The firefighters' lawsuit is based on a 2016 ruling in the 9th Circuit, Flores v. City of San Gabriel, in which the court ruled that the employer improperly excluded from the regular rate of pay payments to workers who opted for cash in lieu of health benefits. The Fair Labor Standards Act generally requires that non-exempt employees receive overtime for hours worked in excess of 40 in a workweek, at the rate of at least one and a half times their regular rate of pay.
However, regular rate of pay doesn't just include an employee's hourly wages — it generally includes all remuneration, with only a few exceptions. Delta Air Lines, Inc. recently agreed to pay $3.5 million to settle class action allegations that it incorrectly calculated overtime pay under California law for certain nonexempt employees.
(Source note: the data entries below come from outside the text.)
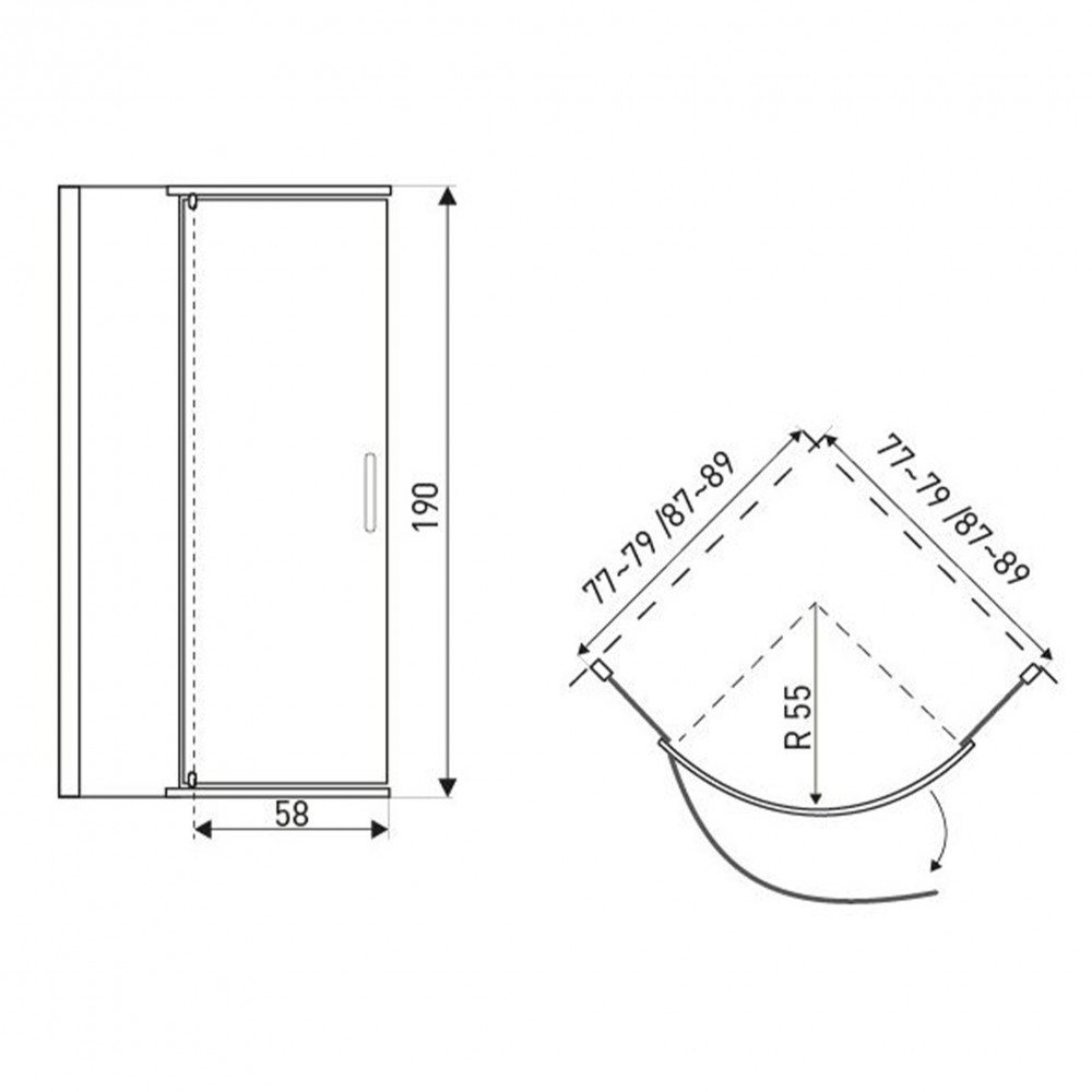 Cabina de duș este echipată cu sticlă securizată de 6 mm . Dimensiunile sale sunt 79x79x190 cm. Opțiune universală de instalare a ușii pe dreapta sau stânga. Sticla cabinei de duș este prevăzută cu un strat protector hidrofug. Are uși care se deschid cu un singur canat.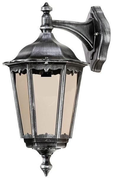 Ambiente Wandleuchte hängend, pulverbeschichtete Leuchte aus Aluminium-Druckguss, Diffusor aus Glas, HxBxT 450 x 220 x 280 mm, 1x E27 max. 100 Watt, ohne Leuchtmittel, IP43, Farbe Schwarz-Silber, 220-240 V 50/60 Hz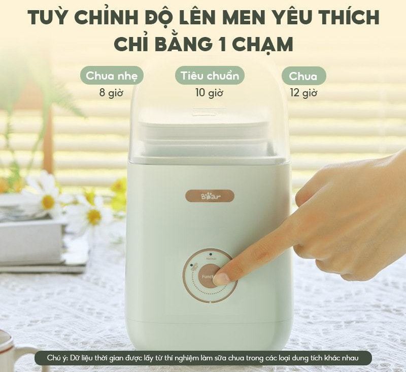| Chức năng lên men | Slightly sour ủ 8 tiếng Normal ủ 10 tiếng Sour ủ 12 tiếng |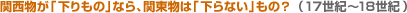 17世紀から18世紀にかけて、大阪、ついで江戸が大市場として成長してきます。すでに菱垣廻船や樽廻船という定期船が大阪と江戸を結び、評判の高い上方のしょうゆも江戸に運ばれ、「下りしょうゆ」として名声を博しました。この頃はしょうゆに限らず、酒でも菓子でも上方から下ってくる「下りもの」は高級品、江戸周辺の産物は「下らない」もの、つまり下級品ということになっていました。 |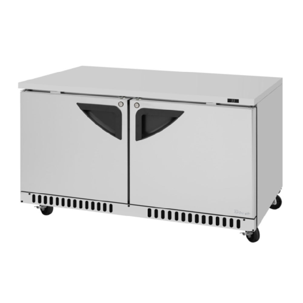 The Turbo Air TUR-60SD-FB-N Super Deluxe Series Undercounter Refrigerator - Front Breathing Airflow is a high-performance refrigeration solution designed for commercial settings that require efficient space utilization. This two-section refrigerator boasts a capacity of 14.8 cubic feet, with dimensions of 60-1/4 inches in width, 30 inches in depth, and 30 inches in height, making it an excellent choice for food service establishments with limited space. It features two solid hinged swing doors and is constructed with durable stainless steel for both the interior and exterior, with a galvanized steel back and bottom for added resilience. Equipped with two stainless steel wire shelves, it offers practical storage solutions. The refrigerator is engineered with a self-cleaning condenser, utilizing the environmentally friendly R290 Hydrocarbon refrigerant. Powered by a 1/5 HP motor, it operates on 115 volts, 60 Hz, and a single-phase electrical supply, drawing 8.9 amps. The unit comes with a NEMA 5-15P plug and is certified by cETLus and ETL-Sanitation, ensuring compliance with safety and sanitation standards. The Turbo Air TUR-60SD-FB-N is ideal for those in the food service industry seeking reliability, efficiency, and compact design in their refrigeration equipment.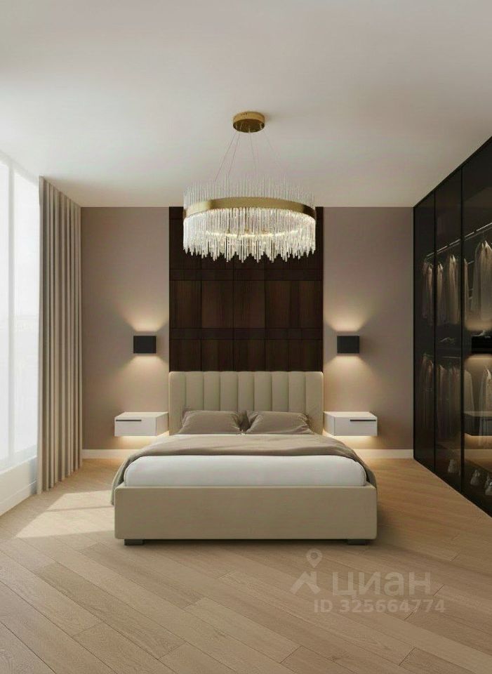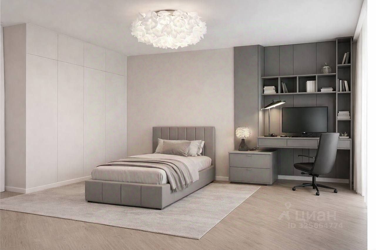 В стоимость также включены: современная кровать с ортопедическим матрасом фирмы Орматек (140 тыс.руб.), мебель в мастер-спальне (подвесные тумбы, туалетный столик), шкафы в рабочей зоне, обеденная группа (дизайнерский раздвижной стол и набор стульев), ТВ-тумба в гостиной.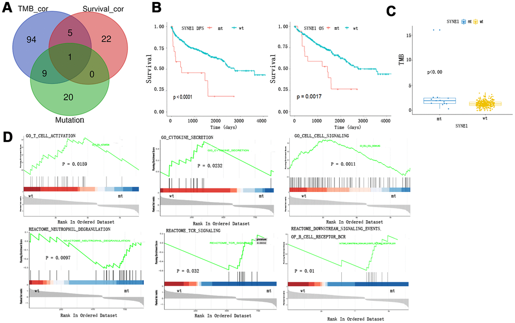 We detected the SYNE1 mutation in a Venn diagram at the intersection of the top 30 somatic mutations, survival-related mutations, and TMB-related mutations in ccRCC (Figure 2A). Patients with SYNE1 mutation (mt) had poorer survival outcomes, irrespective of DFS (p<0.0001) or OS (p=0.0017) status (Figure 2B). In addition, a higher TMB correlated with SYNE1 mutation (p<0.0001) (Figure 2C). This is consistent with our previous analysis of TMB and clinical outcomes. COX survival analysis revealed that SYNE1 mutation was a risk factor affecting prognosis (HR=0.978; 95% CI, 1.156-6.114; P=0.021). In a multivariate analysis, however, SYNE1 mutation did not remain a significant factor affecting prognosis (Table 1), suggesting SYNE1 mutation may not be an independent risk factor affecting prognosis in ccRCC patients. GSEA results revealed that pathways including GO T cell activation, GO cytokine secretion, GO cell-cell signaling, Reactome neutrophil degranulation, Reactome TCR signaling, and Reactome downstream signaling events of B cell receptor are involved (Figure 2D).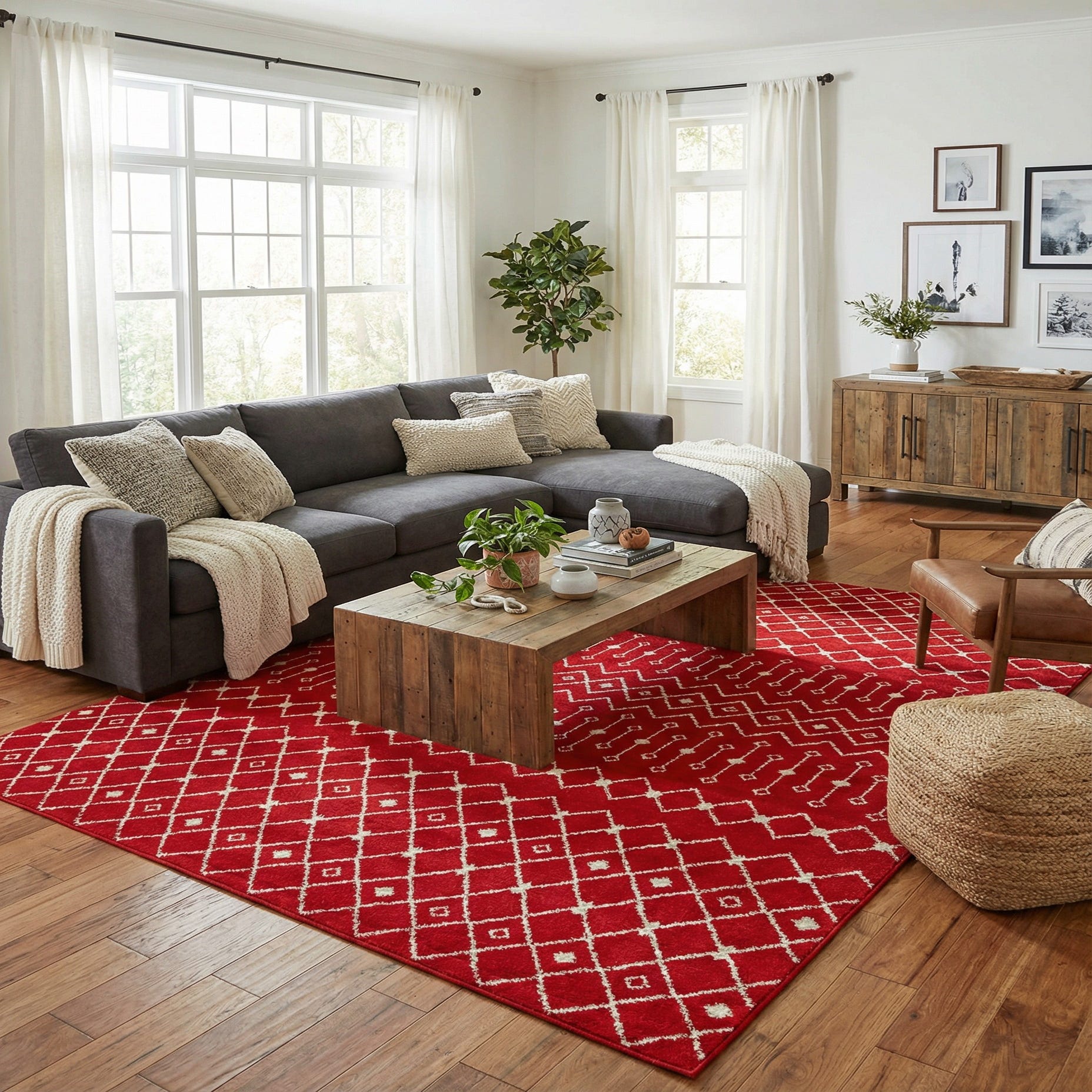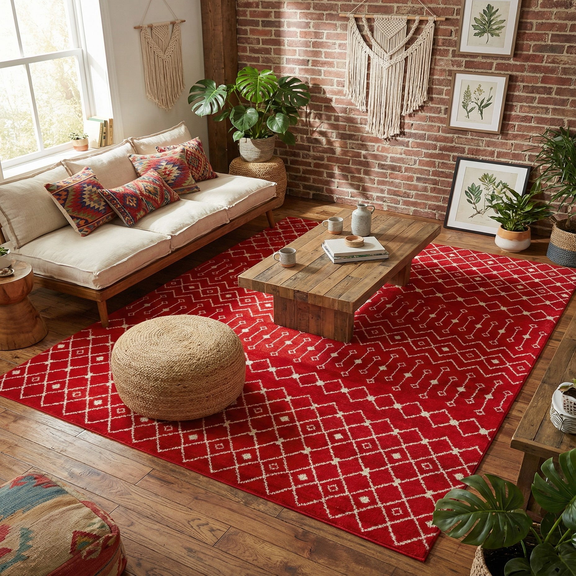 A rich Burgundy Red ground sets a warm, confident tone while an Ivory trellis pattern weaves across the surface in alternating bands of diamonds, zigzags and delicate linear motifs. The geometric layout channels Moroccan-inspired styling with a modern, graphic clarity—each Ivory element is crisply defined against the deep red, creating a balanced, rhythmic look that anchors a room without overwhelming it. The machine-made polypropylene construction offers a soft, slightly cushioned hand and a low-to-medium pile that holds the pattern definition well and presents a subtle, even surface underfoot.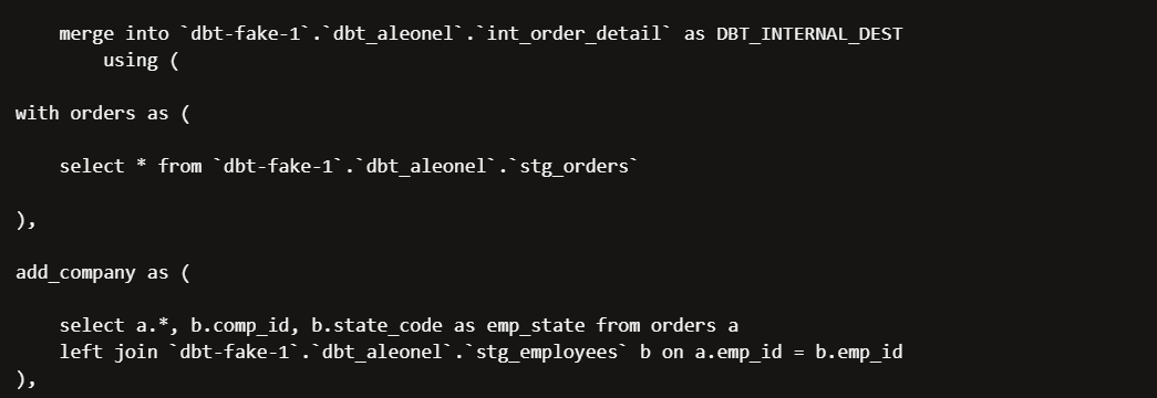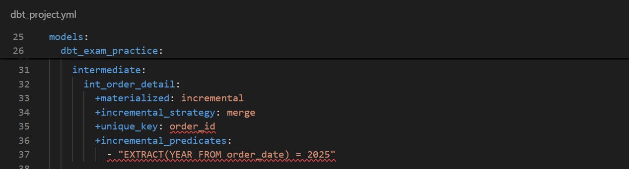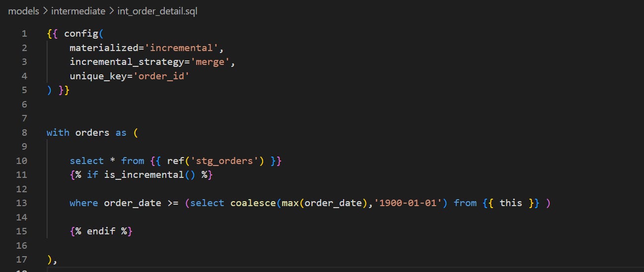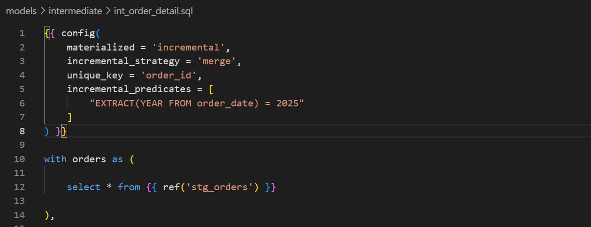 In our case, the optimal model is int_orders_detail. We are also going to implement a merge strategy and limit the scan of new records to orders from 2025. We are taking the assumption that orders from previous years never change.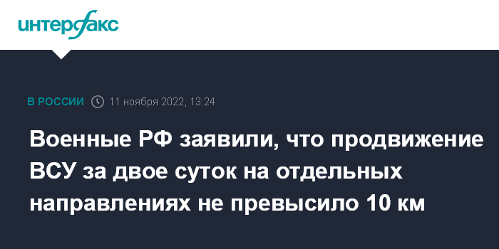 Москва. 11 ноября. INTERFAX.RU - Продвижение подразделений вооружённых сил Украины в районе реки Днепр за двое суток не превысило десяти километров на отдельных направлениях, противник остановлен на удалении 30-40 километров от района переправ через водную преграду, сообщил официальный представитель министерства обороны РФ Игорь Конашенков на брифинге в пятницу.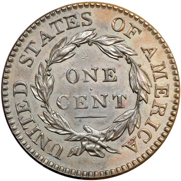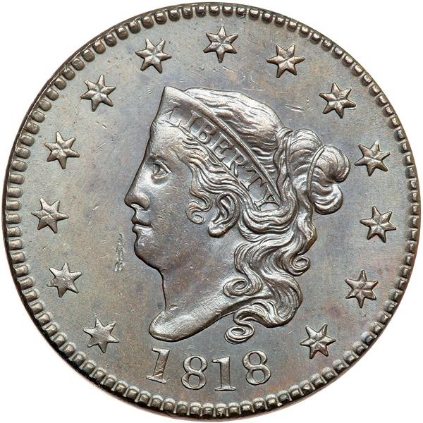 1818 N-2 R4+ AU50+. AU-50. Very close to mint state sharpness and choice except for a rather strong vertical nick in the field off the chin. Otherwise there are just a few trivial marks, including a tiny planchet chip at the bottom of the neck, a light nick in the field over the N in ONE, and a small planchet chip left of that O. Lustrous bluish steel brown and chocolate. E-MDS. In addition to the always-present fine die cracks through the top of UNITED ST and another through the bottom of STAT, there is a fine die crack joining stars 4 & 5 and a thin radial die crack from the right center of the T in UNITED to the dentils above. Sharply struck everywhere except the forelock and first 2 stars, which are a bit weak. The fields are smooth and slightly reflective offering excellent eye appeal in spite of the obverse nick. Called AU50 and tied for CC#2 in the Bland census. Noyes says AU55 net EF45 and tied for CC#3, his photo #25195. Removed from an NGC slab graded MS61BN (NGC label included). Comes with a nice provenance (plus a Newcomb collection box that apparently belongs to lot 101, not lot 100, from the Starr sale). DWH #2578.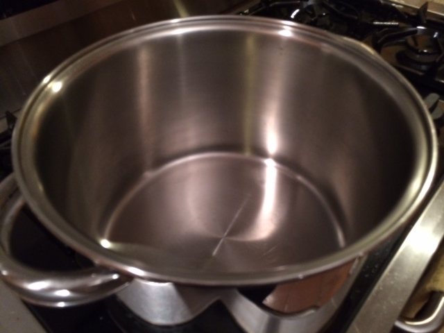 Simply add a drop of detergent to hot water and boil the pot on the stove to loosen the ornery burned-on mess. But, be sure to only add enough water to cover the tough food stain because as the water boils the bubbles will quickly rise in the pot and can bubble over.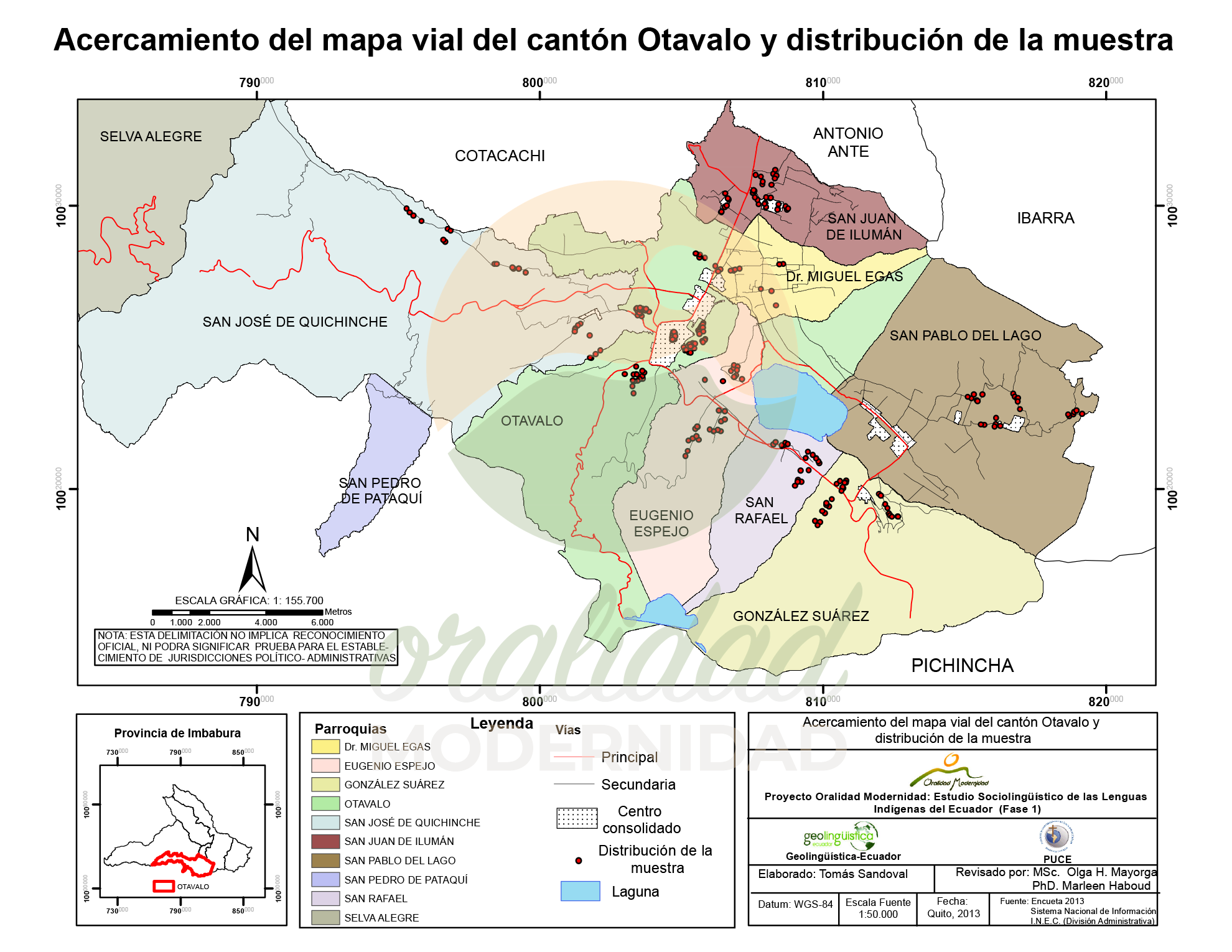 Cite: Haboud, M. (2013). Mapa vial del cantón Otavalo y distribución de la muestra. Programa Oralidad Modernidad/GeolingüísticaEcuador. https://oralidadmodernidad.org/canton-otavalo/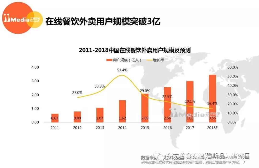 市场规模的扩大就意味着消费者数量的剧增,2017年我国外卖使用人数已经正式突破3亿大关。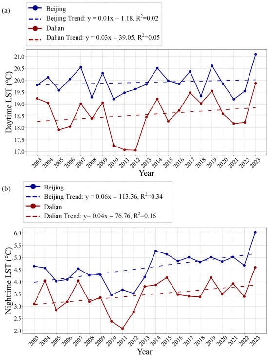 Analysis of LST trends from 2003 to 2023: (a) Beijing; (b) Dalian.

The attorneys in the case noted that California law mirrors the FLSA when calculating the regular rate of pay. The airline was accused of failing to include items such as such as shift differential payments, "Shared Rewards" bonuses, profit-sharing payments and the fair market value of airline passes it provided in calculating employees' regular rate of pay for the purpose of determining overtime premiums.
Changes to what should be included in the regular rate of pay is could be in the works. DOL said in a factsheet published in March that it is looking to "clarify and update the regulations governing the regular rate requirements." Under the new rules, employers would be able to exclude certain items when calculating the regular rate of pay such as the cost of wellness programs, unused leave or reimbursed expenses.